Chainlink has announced that it will not support any proof-of-work Ethereum forks after Ethereum’s merge to proof-of-stake.

In a memo to the community, the smart contract oracle provider said it wants to align with the Ethereum community’s social consensus to change Ethereum’s consensus mechanism to proof-of-stake. To ensure minimal disruption, Chainlink is conducting a thorough quality check.

Ethereum has been undergoing a transition from being a network that relies on so-called miners to validate transactions (proof-of-work), an energy-intensive process, to a network that instead relies on so-called validators that “stake” Ethereum tokens for a chance to validate transactions (proof-of-stake).

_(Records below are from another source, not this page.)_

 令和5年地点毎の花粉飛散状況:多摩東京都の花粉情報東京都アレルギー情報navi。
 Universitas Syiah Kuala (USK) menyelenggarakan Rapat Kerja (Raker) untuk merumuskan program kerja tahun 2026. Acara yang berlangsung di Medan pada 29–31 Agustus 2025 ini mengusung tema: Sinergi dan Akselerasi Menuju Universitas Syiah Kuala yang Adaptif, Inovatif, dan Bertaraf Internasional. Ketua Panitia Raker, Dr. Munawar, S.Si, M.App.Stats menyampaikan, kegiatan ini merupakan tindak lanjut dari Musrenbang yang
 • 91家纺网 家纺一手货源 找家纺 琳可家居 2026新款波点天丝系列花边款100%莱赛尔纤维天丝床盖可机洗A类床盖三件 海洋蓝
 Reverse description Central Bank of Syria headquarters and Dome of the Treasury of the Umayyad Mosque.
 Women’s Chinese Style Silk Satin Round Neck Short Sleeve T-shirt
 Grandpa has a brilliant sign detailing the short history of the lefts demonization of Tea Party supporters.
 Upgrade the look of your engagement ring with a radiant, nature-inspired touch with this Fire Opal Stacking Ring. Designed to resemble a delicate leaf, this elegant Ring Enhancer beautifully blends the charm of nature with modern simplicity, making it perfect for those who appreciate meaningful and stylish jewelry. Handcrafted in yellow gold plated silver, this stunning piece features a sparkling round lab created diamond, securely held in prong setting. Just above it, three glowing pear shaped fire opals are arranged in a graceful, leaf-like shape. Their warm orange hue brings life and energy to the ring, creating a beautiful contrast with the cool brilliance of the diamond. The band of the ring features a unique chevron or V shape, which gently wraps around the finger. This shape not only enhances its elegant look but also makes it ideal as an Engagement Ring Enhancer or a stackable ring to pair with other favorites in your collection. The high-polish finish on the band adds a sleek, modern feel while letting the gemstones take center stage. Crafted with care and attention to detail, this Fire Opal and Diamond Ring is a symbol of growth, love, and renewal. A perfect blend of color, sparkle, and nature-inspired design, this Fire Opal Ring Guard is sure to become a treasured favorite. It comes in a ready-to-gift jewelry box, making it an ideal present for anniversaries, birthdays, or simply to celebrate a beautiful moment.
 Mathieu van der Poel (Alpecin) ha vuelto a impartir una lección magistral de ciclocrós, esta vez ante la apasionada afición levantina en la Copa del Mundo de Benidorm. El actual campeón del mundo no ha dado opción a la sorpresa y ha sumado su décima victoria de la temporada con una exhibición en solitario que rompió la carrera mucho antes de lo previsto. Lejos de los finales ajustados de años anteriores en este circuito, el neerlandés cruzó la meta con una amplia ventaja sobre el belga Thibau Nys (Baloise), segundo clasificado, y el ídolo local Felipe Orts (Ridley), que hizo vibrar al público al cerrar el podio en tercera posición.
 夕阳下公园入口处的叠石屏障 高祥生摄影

One Chinese developer Hongcai Gu has reportedly assembled a team of 60 developers to remove the difficulty bomb, a part of the Ethereum code designed to push Ethereum miners away from the proof-of-work consensus mechanism.

Other miners may continue mining ETC on the Ethereum Classic blockchain, the first version of Ethereum, to ensure that their mining equipment doesn’t become obsolete.

Analysts have cautioned against forks developed for short-term goals without considering how the network will be supported in the long run.

Ethereum co-founder Vitalik Buterin said he does not expect forks to harm the Ethereum network.

Chainlink assured the community that the protocol and its services would be operational throughout and after Ethereum’s merge. It recommended that customers unsure of the merge’s impact on their decentralized applications and smart contracts pause their operations to protect users. Smart contracts developed and deployed on proof-of-work blockchains may behave in unexpected ways. Developers accessing any of Chainlink’s oracles in their smart contracts must test whether the service works before and after the merge.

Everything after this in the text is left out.